PD-L1 IHC evaluation by 22C3 assay. We compared the TPS of PD-L1 according to the 22C3 assay between the normal and prolonged fixation groups. The mean PD-L1 TPS was not significantly different between normal and prolonged fixation groups (normal fixation: 18.8%; prolonged fixation: 16.3%, p=0.277) (Figure 2A). We also assessed the TPS between normal and prolonged fixation groups using the 22C3 assay (Table II). The OPAs at the PD-L1 expression cut-offs of 1%, 25%, and 50% were 85%, 94%, and 91%, respectively. Fourteen samples exhibited discordant category features between the normal and prolonged fixation groups: six belonged to a higher category in the normal fixation group compared to the prolonged one, while eight belonged to a lower category. Of these 14 samples, eight were negative (TPS <1%) in one fixation group, but not in both and exhibited TPS values between 1% and 10% in the positive group. One was discordant because its TPS was 1-24% in one fixation group, but 25-49% in the other. Five samples were strongly positive (TPS ≥50%) in one fixation group, but not in the other, and the TPS values of these five specimens, according to the normal and prolonged fixation group, were 80% and 20%, 75% and 30%, 60% and 25%, 30% and 70%, and 20% and 65%, respectively.
PD-L1 IHC evaluation by SP263 assay. We compared the TPS of PD-L1 using the SP 263 assay between FFPE samples fixed for normal and prolonged periods. The mean PD-L1 TPS was not significantly different between normal and prolonged fixation groups (normal fixation: 16.2%; prolonged fixation: 17.6%, p=0.560) (Figure 2B). We also assessed the TPS between normal fixation and prolonged fixation groups using the SP263 assay (Table III). The OPAs at the PD-L1 expression cut-offs of 1%, 25%, and 50% were 80%, 94%, and 93%, respectively. Sixteen samples exhibited discordant category features between the normal and prolonged fixation groups. Of these 16 samples, three belonged to a higher category in the normal fixation group compared to the prolonged one, while 13 belonged to a lower category. In addition, 11 of these were negative (TPS <1%) in one group, but not in the other. Of these 11 samples, all exhibited TPS values between 1% and 5% in the positive group.

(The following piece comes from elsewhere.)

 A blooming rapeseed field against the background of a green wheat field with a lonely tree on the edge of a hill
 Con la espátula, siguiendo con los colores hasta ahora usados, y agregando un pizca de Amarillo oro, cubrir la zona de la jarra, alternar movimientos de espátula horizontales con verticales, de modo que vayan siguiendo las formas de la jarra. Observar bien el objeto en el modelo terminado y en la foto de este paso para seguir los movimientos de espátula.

One sample was discordant because it had a TPS of 1-24% in one fixation group but 25-49% in the other. Four were strongly positive (TPS ≥50%) in one group but not in the other and in these, the TPS values, according to the normal and prolonged fixation group, were 95% and 25%, 65% and 30%, 20% and 85%, and 10% and 80%, respectively.

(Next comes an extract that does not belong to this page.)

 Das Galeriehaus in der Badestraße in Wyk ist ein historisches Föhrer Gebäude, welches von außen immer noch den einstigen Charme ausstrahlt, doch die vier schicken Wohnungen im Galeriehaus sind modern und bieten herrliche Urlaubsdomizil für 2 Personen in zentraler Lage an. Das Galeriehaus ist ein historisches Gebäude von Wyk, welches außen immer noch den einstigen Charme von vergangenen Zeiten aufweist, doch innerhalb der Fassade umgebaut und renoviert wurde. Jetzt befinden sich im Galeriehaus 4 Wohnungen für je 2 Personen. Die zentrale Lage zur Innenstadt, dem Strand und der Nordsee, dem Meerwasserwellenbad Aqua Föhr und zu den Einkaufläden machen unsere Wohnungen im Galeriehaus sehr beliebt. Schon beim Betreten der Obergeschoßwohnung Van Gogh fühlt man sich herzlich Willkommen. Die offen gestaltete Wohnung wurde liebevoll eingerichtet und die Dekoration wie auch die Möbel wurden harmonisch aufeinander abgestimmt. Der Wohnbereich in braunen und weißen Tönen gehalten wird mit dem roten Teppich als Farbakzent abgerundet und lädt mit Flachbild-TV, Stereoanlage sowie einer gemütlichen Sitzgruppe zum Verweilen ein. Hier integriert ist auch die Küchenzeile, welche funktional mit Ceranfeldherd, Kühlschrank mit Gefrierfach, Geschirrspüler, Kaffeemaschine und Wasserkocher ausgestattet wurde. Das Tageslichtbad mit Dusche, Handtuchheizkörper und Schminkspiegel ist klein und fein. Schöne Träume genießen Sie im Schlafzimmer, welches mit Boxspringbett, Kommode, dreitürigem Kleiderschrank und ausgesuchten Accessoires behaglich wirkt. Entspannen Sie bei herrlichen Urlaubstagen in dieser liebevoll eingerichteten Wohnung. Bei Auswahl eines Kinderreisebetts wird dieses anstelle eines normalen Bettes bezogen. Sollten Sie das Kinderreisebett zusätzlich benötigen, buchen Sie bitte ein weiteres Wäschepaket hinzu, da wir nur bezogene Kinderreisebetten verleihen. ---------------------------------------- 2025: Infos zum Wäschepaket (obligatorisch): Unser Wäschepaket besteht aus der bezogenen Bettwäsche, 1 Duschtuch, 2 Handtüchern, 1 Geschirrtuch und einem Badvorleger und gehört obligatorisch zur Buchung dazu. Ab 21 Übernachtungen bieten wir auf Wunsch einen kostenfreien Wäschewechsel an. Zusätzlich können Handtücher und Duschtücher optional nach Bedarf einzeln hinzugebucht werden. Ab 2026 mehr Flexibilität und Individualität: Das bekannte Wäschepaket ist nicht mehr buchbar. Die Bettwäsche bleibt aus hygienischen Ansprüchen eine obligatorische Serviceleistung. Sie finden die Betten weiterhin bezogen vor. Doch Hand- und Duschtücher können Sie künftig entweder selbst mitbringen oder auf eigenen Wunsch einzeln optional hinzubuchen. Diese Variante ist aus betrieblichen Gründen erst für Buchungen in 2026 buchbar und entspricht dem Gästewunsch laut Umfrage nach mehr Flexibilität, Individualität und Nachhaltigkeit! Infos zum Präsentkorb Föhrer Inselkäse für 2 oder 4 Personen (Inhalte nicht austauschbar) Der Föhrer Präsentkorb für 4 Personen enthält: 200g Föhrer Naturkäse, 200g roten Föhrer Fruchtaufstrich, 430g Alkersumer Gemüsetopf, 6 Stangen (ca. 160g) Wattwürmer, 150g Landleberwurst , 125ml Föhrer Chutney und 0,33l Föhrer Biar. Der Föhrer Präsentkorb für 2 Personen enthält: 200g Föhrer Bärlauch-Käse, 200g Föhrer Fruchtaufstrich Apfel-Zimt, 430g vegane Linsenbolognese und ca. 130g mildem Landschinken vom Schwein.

PD-L1 IHC evaluation of patients with TPS≥1% by 22C3 assay. We also analyzed 27 tumor samples with a TPS≥1%, according to the 22C3 assay in the sample that had undergone normal fixation. The mean PD-L1 TPS obtained was not significantly different between normal and prolonged fixation groups (normal fixation: 32.6%; prolonged fixation: 32.1%, p=0.231) (Figure 2C). The OPAs at the PD-L1 expression cut-offs of 1%, 25%, and 50% were 92%, 89%, and 81%, respectively (Table IV). In these samples, eight exhibited discordant results between normal and prolonged fixation groups, and of these eight samples, six belonged to a higher category in the normal fixation group compared to the prolonged one, and two belonged to a lower category.

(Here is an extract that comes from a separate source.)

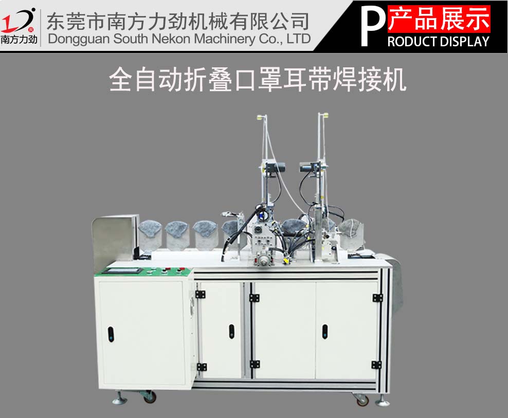 目前市場上折疊口罩均采用手動熔接都需人工一片一個點波熔接,產能只有3個/分鐘,生產效率較低,且廢品率高。南方力勁機械有限公司新研發制造了全自動折疊口罩耳帶焊接機,需要一個操作員將口罩本體(片體)一片一片放入送帶夾具上,機械后續動作至成品皆由機臺自動操作完成,效率高,每分鐘可達25-30個。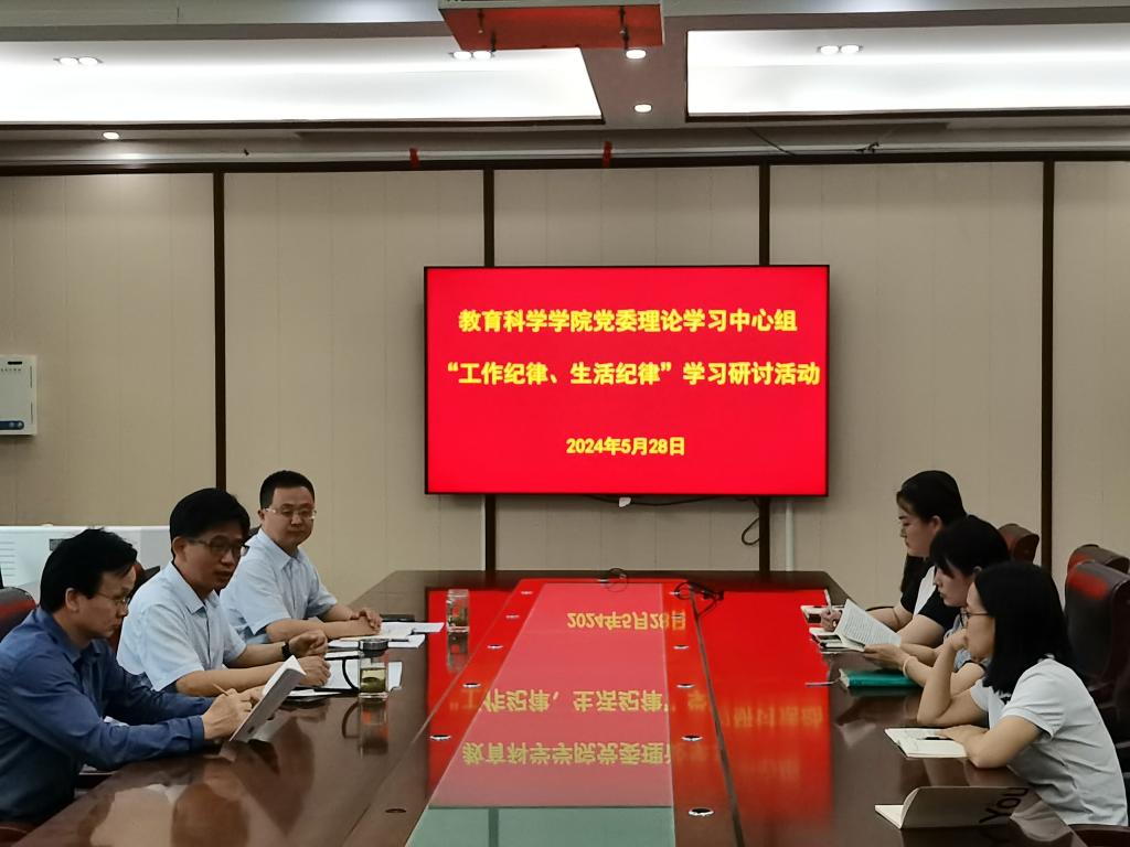 围绕“六大纪律”开展集中学习研讨活动。教育科学学院党委理论学习中心组于5月16日、24日、28日,分别围绕“政治纪律、组织纪律”、“廉洁纪律、群众纪律”和“工作纪律、生活纪律”开展集中学习研讨活动。会上,党员处级干部、党员科级干部、党支部书记、专职辅导员结合自身工作与学习实际,积极发言研讨。

PD-L1 IHC evaluation of patients with TPS ≥1% by SP263 assay. We also analyzed 28 tumor samples with TPS ≥1%, according to the SP263 assay in the sample that had undergone normal fixation. The mean PD-L1 TPS according to the SP263 assay was not significantly different between normal and prolonged fixation groups (normal fixation: 31.3%; prolonged fixation: 33.4%, p=0.659) (Figure 2D). The OPAs at the PD-L1 expression cut-offs of 1%, 25%, and 50% were 96%, 89%, and 86%, respectively (Table V). In these samples, six were discordant between the normal and prolonged fixation groups. Of these, three belonged to a higher category in the normal fixation group compared to the prolonged one, and three belonged to a lower category.
Discussion
To the best of our knowledge, this is the first study to investigate the association between the PD-L1 TPS and formalin fixation time. Our results revealed that formalin fixation for up to 120 hours has no apparent effect on PD-L1 IHC expression, according to both 22C3 and SP263 assay, and it is therefore possible to evaluate PD-L1 TPS in tumor samples that have been fixed for extended periods of time up to 120 hours.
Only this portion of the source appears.